Move Forward: A frustrated judge Thursday told the U.S. Department of Justice that she is done waiting for yet-unreleased videos from the Guantanamo Bay detention center, the Intercept reports. “That's not going to be,” U.S. District Judge Gladys Kessler said at a hearing. “We're going to move forward.” Kessler in October issued an order that the DOJ release the videos, which depict the force-feeding and cell-extraction. DOJ attorneys said they could have eight of the 32 tapes in question redacted and ready for review by opposing counsel by August 31. The Guardian has more here.
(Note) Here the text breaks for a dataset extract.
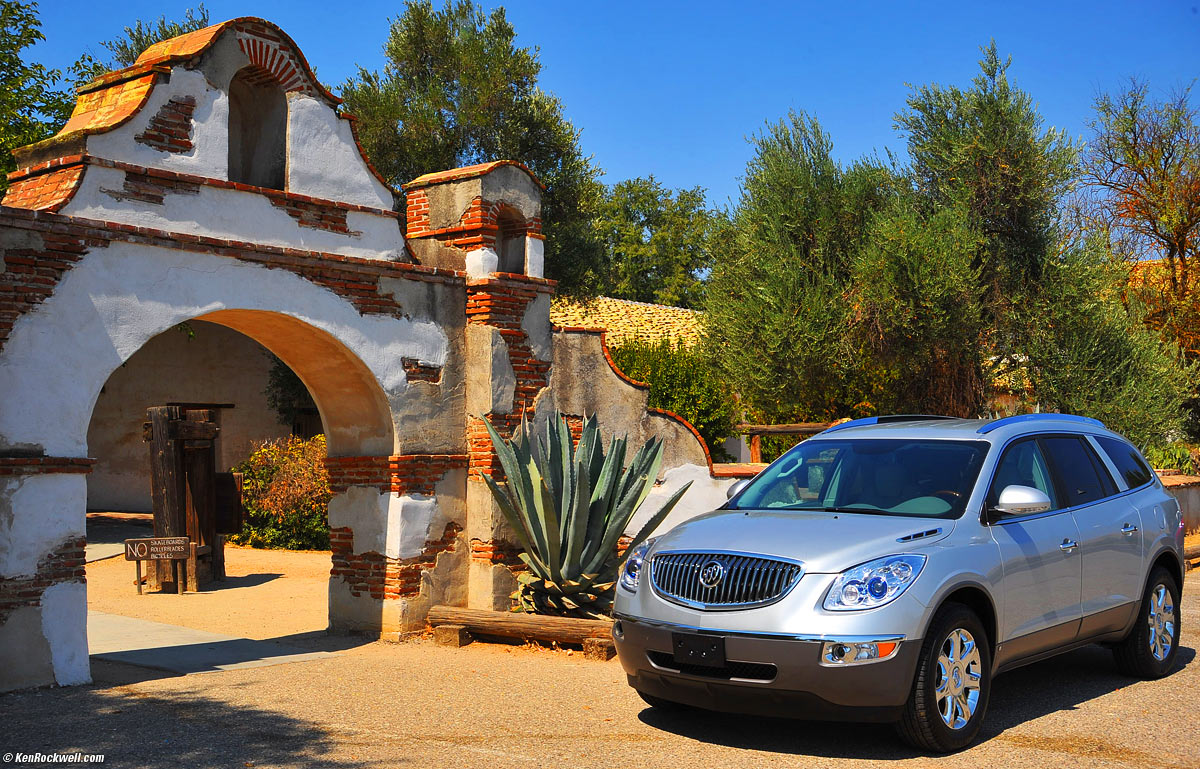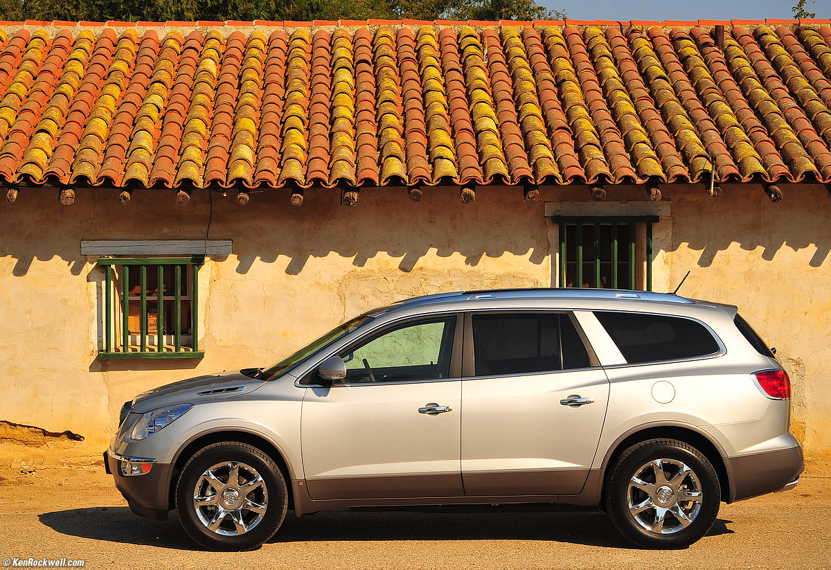 Buick Enclave 2009 Buick Enclave CXL in San Miguel. enlarge. 16 September 2008 More Car Reviews skip to index of Enclave review pages Intro Price Specs Measurements Exterior Materials More Recommendations The 2009 Buick Enclave CXL is the nicest American vehicle I've ever driven. I haven't driven that many American cars, but compared to the Ford Taurus, Dodge Caravans, Chevrolet Cavaliers and Malibus I have driven, the Enclave feels and operates with far more finesse than any of them. The Enclave comes closer to a Mercedes than to those other cars. The Enclave is a giant, quiet and comfy giant minivan or SUV that goes and drives very well. It's so big that I, six feet (180cm) tall, can't see over the top of it. The best things about the Enclave are its quiet ride and incredible ventilated seats that let me drive nonstop for many hours in total comfort. Driving cross-country? Just get in and go; the Buick's comfort won't be what tells you when it's time to pull over. Sitting here writing this review in my big leather office chair, I really miss the ventilated seats of the Enclave. I'm tempted to go out and sit in the Enclave to write this on my laptop computer, just to enjoy the seats! Unlike any other American car I've driven, the Enclave doesn't make all the weird mechanical noises that have me thinking my rental car is about to explode. The Buick wins on finesse, without all the little bothers of lesser vehicles. The Enclave drives very well. It handles smoothly and tracks well, without the wobbly and crappy handling of lesser vehicles, like a Kia Sedona I was once loaned. The Kia drove so poorly and drifted around so much that I always thought I was just about die, while the Enclave drives as a vehicle should. 2009 Buick Enclave CXL. enlarge. The big, fat P255/60 tires on 19" wheels make it comfy, even off pavement. The big tires handle big ruts with ease. I didn't take it off road, but I did have it on some dirt roads, which were comfortable. Speed bumps? No problem! The Enclave flies right over them. I'm always amused when I see people driving macho-man trucks, or even moms driving big pigs of SUVs, who slow down to climb each speed bump as daintily if their big truck is going to break. Even though it's front-wheel drive, the Enclave handles well. Torque-steer (the car pulling the steering wheel in one direction when you hammer the gas) was only felt if I hammered it on uneven pavement from a start and one wheel had different traction than the other. The Enclave has no noisy power steering pumps, shifts smoothly, and has no banging when shifting in and out of Park, Reverse and Drive. It's refined, like a real car. The Enclave doesn't drive like a car because it's not: it drives like an excellent van. It's huge, tall and roomy. Even with just six cylinders, the Enclave has plenty of power for any legitimate need. It will chirp the tires off the line, and the transmission kicks down instantly when you hammer it. It's not fast, but it's more than fast enough for what you ought to be doing in an Enclave. I'm used to fast, quiet cars, but most people who get in an Enclave wind up getting speeding tickets since it's quieter and taller than what they drove before. I had no idea a six could make something this big go this fast. The Enclave's interior is made of the same materials as every other American and Japanese car. I'm not a fan of plastiwood, but the more I drove the Enclave, the more I liked it because the Enclave wins on driving comfort. The Enclave is great for utility use. Its seats fold down and up faster and more easily than any vehicle I've ever driven. The most significant things you'll notice when driving are the huge blind zones to the sides caused by the big, tall mirrors and fat windshield pillars, the poor rear visibility, and the large amounts of glare that shine off the glossy parts of the dashboard. Great on the open road, the Enclave's visibility seems perfect for driving in the canyons of Manhattan, where no one ever looks to the side or behind them and the sun never shines on the dash. The transmission selector falls into my hand, right where it should be. OnStar is superb. It's another reason to consider any GM vehicle. I'd never tried it before. OnStar is both the best navigation system I've ever used, which eliminates the need to buy the expensive optional old-style dedicated navigation system, as well as the best hands-free, button-free phone I've ever used. At least in Southern California, the Enclave is a rare vehicle. In the one week and 800 miles I had it, I saw innumerable Mercedes, BMWs, Porsches and Masaeratii, three Rolls-Royces, two Ferraris and a London double-decker bus, but only one other Enclave. That's 95% of my review. There are a lot of pages that follow, but they are just details. I've just given you the important part. Consumer Reports says that "the Enclave, Acadia, and Outlook are among the best SUVs in their class" on page 48 of their October 2008 issue. Read on if you need to know more, but that about wraps up the important items. The Buick Enclave at The Gates of San Miguel. enlarge. Minivan, car, truck, van, SUV, station wagon, MPV or what? The federal sticker on the door jamb classifies the Enclave as an MPV, whatever that is. I consider all tall, boxy front-wheel-drive, unibody vehicles as minivans, and therefore I classify the Enclave as a minivan. I also consider the Porsche Cayenne Turbo S and Mercedes R-Klasse as minivans. For something to be called an SUV, it needs a real element of sport, not just sporty styling. In the case of an SUV, it would need either on-track motorsports or off-road ability to earn the "S" of the SUV moniker. Formally, an SUV is a body-on-frame (truck-based) vehicle and must have all-wheel or 4-wheel drive. The rear storage area of an SUV is a storage area for outdoor sports and survival gear, not the third row seat of people carriers (vans). Many suburban housewives dislike the word "minivan," and prefer t

Growing Attack: The Office of Personnel Management announced Thursday that hackers stole sensitive information on 21.5 million people in a recently disclosed cyber-attack that breached the federal government's database of security background checks. That number is more than five times greater than the estimated 4.2 million current and former U.S. government staffers whose employee data was taken in a previous OPM hack. Since the two groups of victims overlap, the overall tally falls several million short of 25 million, Politico reports. A federal union this week filed suit in California over the breach.

No Takata Fund: “Takata believes that a national compensation fund is not currently required,” a company executive wrote in a letter to Sen. Richard Blumenthal, D-Connecticut, according to a report in The New York Times. Bloomberg has more on the company's rejection of a victim fund, which Blumenthal had pushed for.